Member of the Legislative Assembly of Manitoba for Portage La Prairie
- In office October 11, 1977 – August 25, 1985
- Preceded by: Peter Burtniak
- Succeeded by: Ed Connery

Personal details
- Born: April 20, 1920 Burnside, Manitoba
- Died: August 25, 1985 (aged 65)

= Lloyd Hyde =

Canadian politician

Lloyd George Hyde (April 24, 1920 in Burnside, Manitoba – August 25, 1985) was a politician in Manitoba, Canada. He served as a Progressive Conservative member of the Legislative Assembly of Manitoba from 1977 until his death in 1985.

==Early life==
The son of Joseph Hyde and Frances Troop, he was educated in Burnside and Portage la Prairie and worked as a farmer after attending high school. He also served with an artillery unit in the Canadian Forces from 1941 to 1945. Hyde subsequently became a Director of the Portage Industrial Exhibition and an Associate Member of the Portage la Prairie District Planning Scheme, as well as a freemason. He also was an active member of the local Barber Quartet Society.

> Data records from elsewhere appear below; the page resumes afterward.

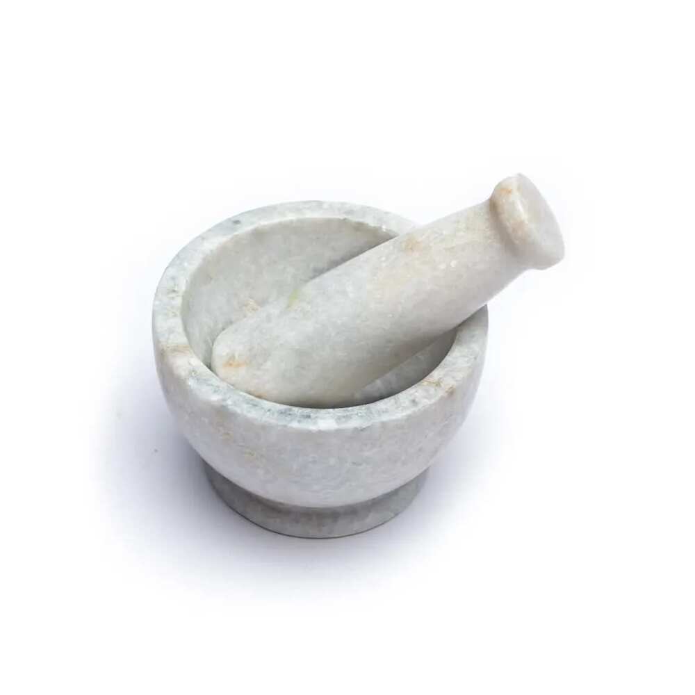Liten mortel och stöt, gjord av vit marmor, för att mala örter och kryddor; även för att göra din egen rökelsepulverblandning av t.ex. vit salvia, rökelsepinnar eller harts.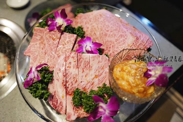 因為菜單上大多都是日文字,所以簡單處理直接點了店家搭配好的盛合,醉心盛合看價位是菜單裡面價位最高的一道,也應該是店家最有自信的肉品部位,就直接點了,送來了超大一盤,裡面總共有三個部位的肉加上一個內臟,肉品的油花看起來都相當厲害。 |
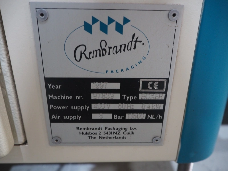 Rembrandt box folding and closing machine, type: BOXER, machine number: 97839, year of construction: 1997, 400 V, 50 Hz, 0.4 kW, 6 bar, dimensions: 2200 mm x 2200 mm x 1550 mm.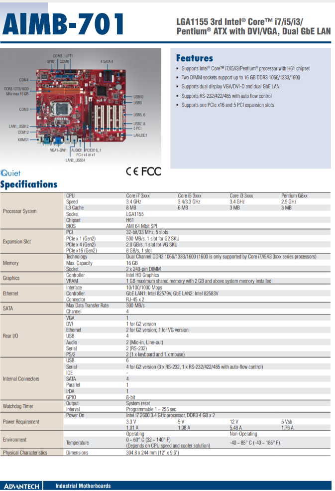 1、Supports Intel® Core™ i7/i5/i3/Pentium® processor with H61 chipset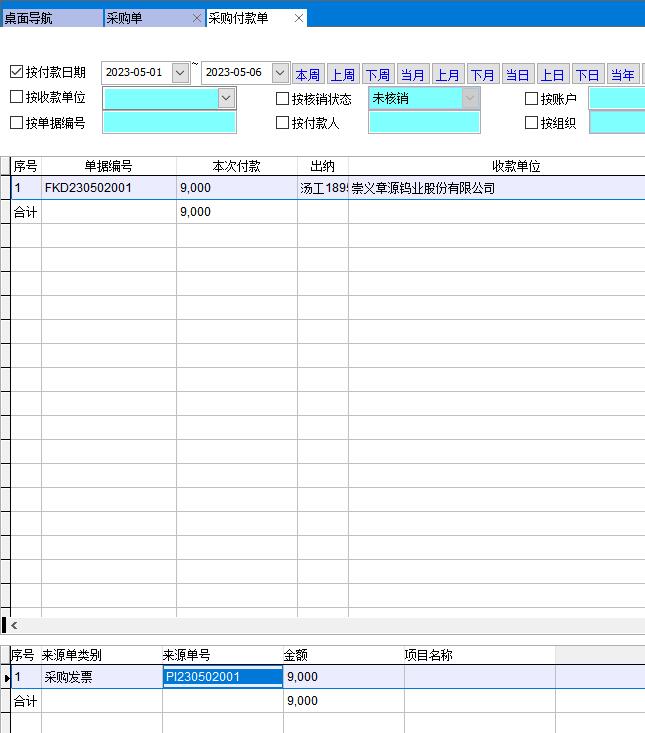 在實際業務中付款單與來源單據往往不是剛好一對一的關系,比如引用采購發票,可能一張采購付款單對應多張發票,或者一張發票對應多張采購付款單,即多次付款。

In 1946, Hyde married Isabel Margaret Spriggs.

== Political career ==

He was first elected to the Manitoba legislature in the 1977 election, defeating his New Democratic opponent by about 1,500 votes in the riding of Portage la Prairie. The Tories won a majority government in this election, although Hyde was not appointed to the cabinet of Premier Sterling Lyon.

The Tories were defeated in the provincial election of 1981, although Hyde easily retained his own riding. He continued serving as an MLA until his death in 1985.